TASK ITEM
Within the records that follow, restate exactly the lines from the line with "This image shows" down to the line with "点满 配队 一主C两辅助(不要切辅助机,辅助机也没有练的必要,因为驾驶员技能开启后会同时吃", including both. Omit the pictures.

ENTRIES PROVIDED
□ □ □ □ □

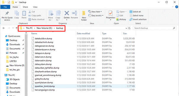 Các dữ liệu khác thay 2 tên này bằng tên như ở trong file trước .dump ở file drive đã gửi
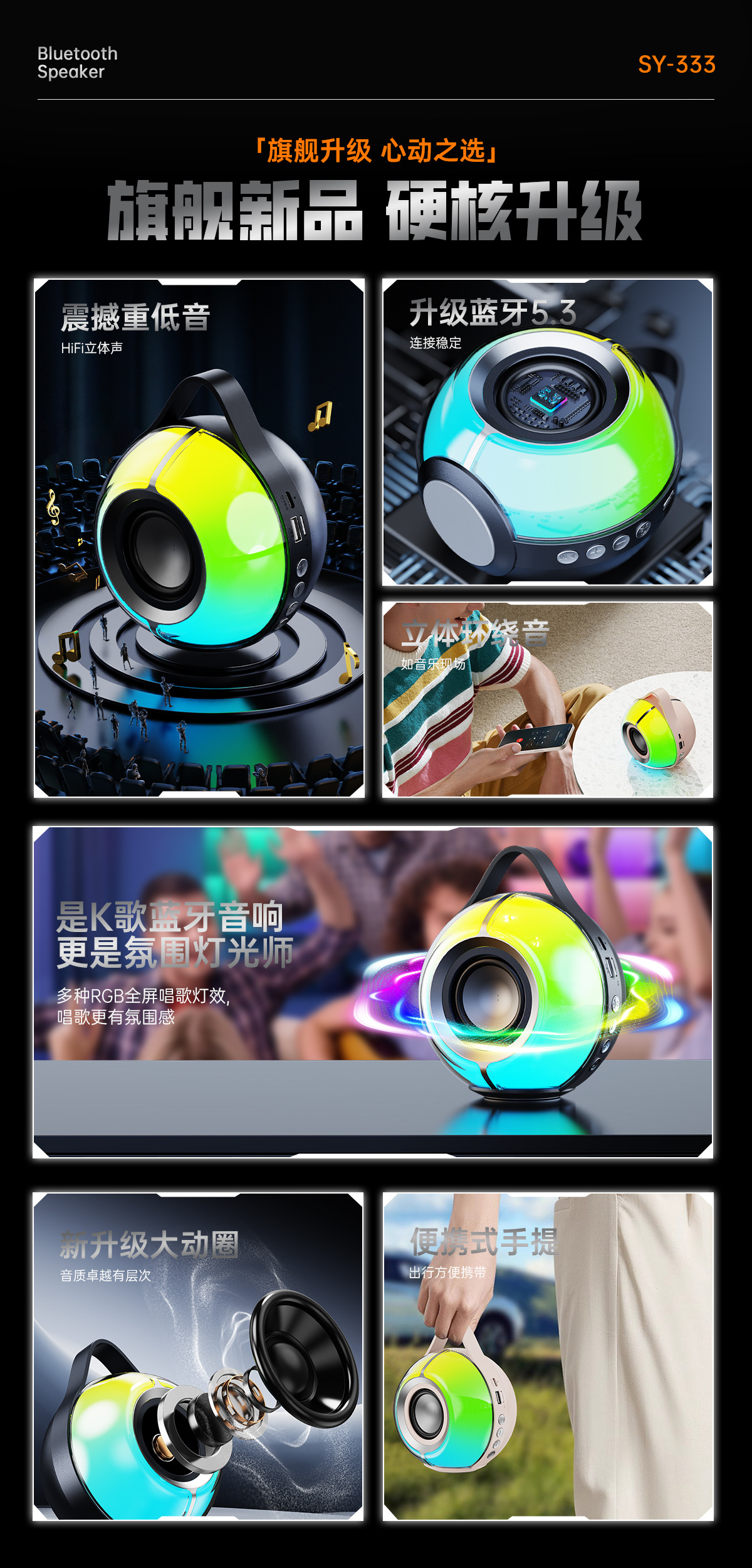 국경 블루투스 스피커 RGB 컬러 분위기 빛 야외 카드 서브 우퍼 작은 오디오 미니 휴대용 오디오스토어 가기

□ □ □ □ □

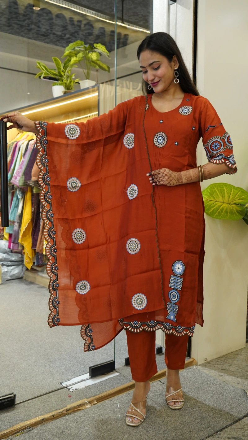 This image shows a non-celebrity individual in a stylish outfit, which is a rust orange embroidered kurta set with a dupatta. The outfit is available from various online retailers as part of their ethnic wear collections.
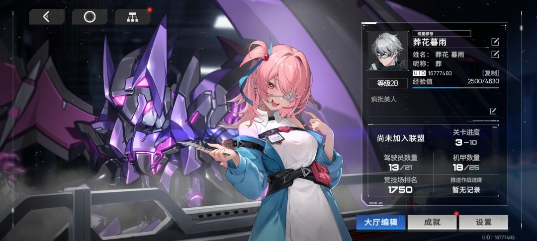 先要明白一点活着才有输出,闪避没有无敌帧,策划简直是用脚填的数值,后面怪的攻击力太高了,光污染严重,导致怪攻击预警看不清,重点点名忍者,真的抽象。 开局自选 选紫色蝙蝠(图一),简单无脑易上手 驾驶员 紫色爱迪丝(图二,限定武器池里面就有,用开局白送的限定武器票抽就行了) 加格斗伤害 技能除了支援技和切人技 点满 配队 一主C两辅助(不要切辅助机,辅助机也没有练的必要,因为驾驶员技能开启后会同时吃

□ □ □ □ □

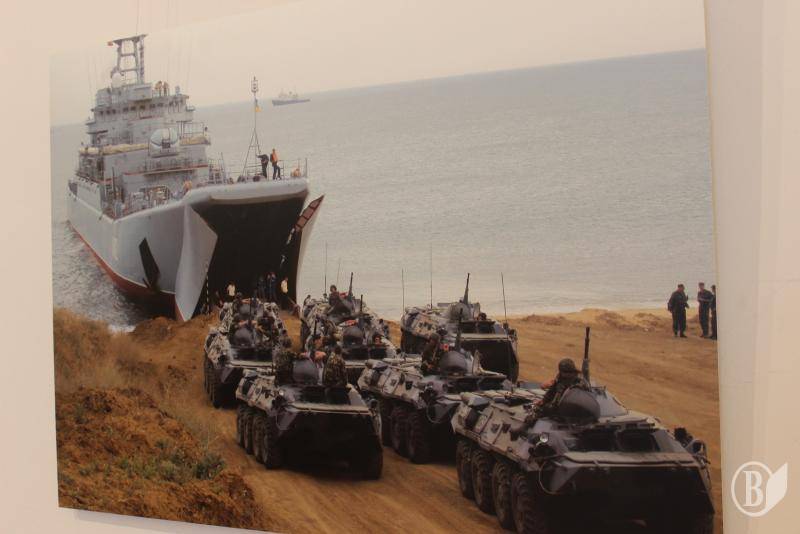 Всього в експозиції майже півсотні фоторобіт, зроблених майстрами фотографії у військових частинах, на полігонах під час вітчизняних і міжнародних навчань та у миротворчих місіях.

□ □ □ □ □

COMPLETED TASK
 This image shows a non-celebrity individual in a stylish outfit, which is a rust orange embroidered kurta set with a dupatta. The outfit is available from various online retailers as part of their ethnic wear collections.
 先要明白一点活着才有输出,闪避没有无敌帧,策划简直是用脚填的数值,后面怪的攻击力太高了,光污染严重,导致怪攻击预警看不清,重点点名忍者,真的抽象。 开局自选 选紫色蝙蝠(图一),简单无脑易上手 驾驶员 紫色爱迪丝(图二,限定武器池里面就有,用开局白送的限定武器票抽就行了) 加格斗伤害 技能除了支援技和切人技 点满 配队 一主C两辅助(不要切辅助机,辅助机也没有练的必要,因为驾驶员技能开启后会同时吃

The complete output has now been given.